Cherry trees are widely celebrated for their beauty and fruit, yet the idea that every cherry tree yields an edible harvest is a common misunderstanding. The answer to whether all cherry trees produce fruit is simply no. The wide variety of trees have been cultivated over centuries for different purposes, leading to a fundamental split in their biology.
The Fundamental Divide: Flowering vs. Fruiting Varieties
Cherry trees are broadly categorized into two groups: ornamental (flowering) cherries, bred for aesthetics, and fruiting cherries, cultivated for culinary purposes. Ornamental varieties, such as the Japanese flowering cherries (Prunus serrulata), are prized for their spectacular spring blossoms. Their biological energy is directed toward producing an abundance of large, showy flowers, often with extra petals, which reduces or eliminates their ability to set fruit.
Many ornamental cultivars are sterile, or they may produce only small, hard, and unpalatable fruit that is quickly consumed by birds. The development of these trees prioritizes flower appearance, leaving fruit production as a non-existent trait. In contrast, fruiting varieties, which include sweet cherries (Prunus avium) and sour cherries (Prunus cerasus), have been selectively bred to maximize the size, flavor, and yield of the edible drupe.

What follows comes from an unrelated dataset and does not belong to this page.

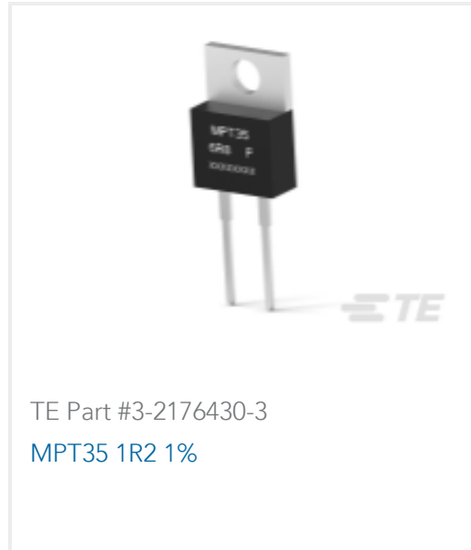
TE Part #3-2176430-3 MPT35 1R2 1%

Essential Requirements for Fruit Production
Even a fruiting variety may fail to produce a harvest if certain biological requirements are not met. Successful cherry fruit development depends heavily on two factors: effective pollination and sufficient winter chill.
Pollination is the process where pollen is transferred from the male part of a flower to the female part, initiating fruit development. Most sweet cherry varieties are “self-sterile,” meaning they require a different, compatible cherry variety planted nearby for cross-pollination. Without a suitable partner blooming simultaneously, a self-sterile tree will flower profusely but will not yield fruit.
The second requirement is the accumulation of “chilling hours,” the period a tree needs to spend in cold temperatures (typically 32 to 45 degrees Fahrenheit) during winter dormancy. This cold period is necessary to break the tree’s dormancy cycle and allow flower buds to open and develop normally in the spring. Most traditional cherry varieties require between 800 and 1,200 chilling hours. If a tree does not receive enough cold, the buds may open weakly or not at all, resulting in poor fruit set.
Key Differences Between Sweet and Sour Cherries
Fruiting cherries are divided into two main types: sweet cherries (Prunus avium) and sour cherries (Prunus cerasus). Sweet cherries, such as Bing and Rainier, are commonly consumed fresh due to their high sugar content and firm texture. They are less cold-tolerant, thriving best in USDA hardiness zones 5 through 7, and often require a compatible cross-pollinator to bear fruit.
Sour cherries, also known as tart or pie cherries, are smaller and have an acidic flavor, making them ideal for cooking, baking, or processing into preserves. Varieties like Montmorency are hardier, growing well in colder zones 4 through 6, and are predominantly self-fertile. This self-fertility allows a single sour cherry tree to produce a full crop without a second tree, benefiting gardeners with limited space.